Prostate cancer (PC) is one of the most widespread malignancies among males worldwide. The androgen receptor (AR) drives its development and progression and still represents the main target of PC therapy. Second-generation antiandrogens have, indeed, improved the patient’s management. Nonetheless, hormone resistance and tumour progression frequently develop. While the majority of drugs currently used in PC target the AR functions in epithelial PC cells, the role of the receptor in PC-associated fibroblasts (CAFs) and PC progression remains still pending and few therapeutics affecting the stromal AR functions have been so far developed.

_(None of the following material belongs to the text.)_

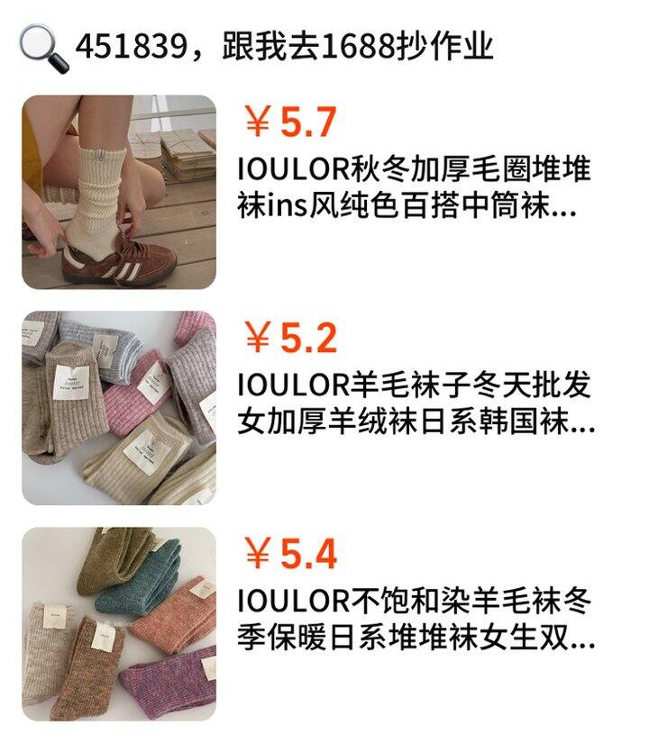 打开1688,搜索451839,直接get同款袜子🔗,也可以搜店铺名,中间那款一模一样。

By combining several approaches, we have shown that AR associates with Filamin A (FLNa), thus promoting migration and invasion of androgen-challenged CAFs from PC patient’s specimens at different Gleason’s scores. By using 2 and 3D cultures, we have demonstrated that CAFs move towards epithelial PC cells and promote the increase in PC organoid size. The stapled peptide Rh-2025u disrupts the androgen-triggered AR/FLNa complex assembly and impairs these responses in monolayer cells as well as 3D models. Furthermore, it reduces the overall tumour area in androgen-treated 3D co-culture. Mechanistically, our findings posit that AR/FLNa complex recruits β1 integrin and the membrane type-matrix metalloproteinase 1 upon androgen challenging of CAFs. Activation of a protease cascade leading to extracellular matrix (ECM) remodelling then follows. Rh-2025u peptide interferes in the assembly of this multimolecular complex and impairs ECM remodelling. As such, CAFs cannot longer navigate through ECM.
In summary, we propose the Rh-2025u peptide as a new drug, which alone or in combination with other emerging therapies may allow a more rational treatment of PC. Pharmacological blockade of AR functions in CAFs is indeed neglected and the approach we propose would improve the treatment’s outcome in PC patients.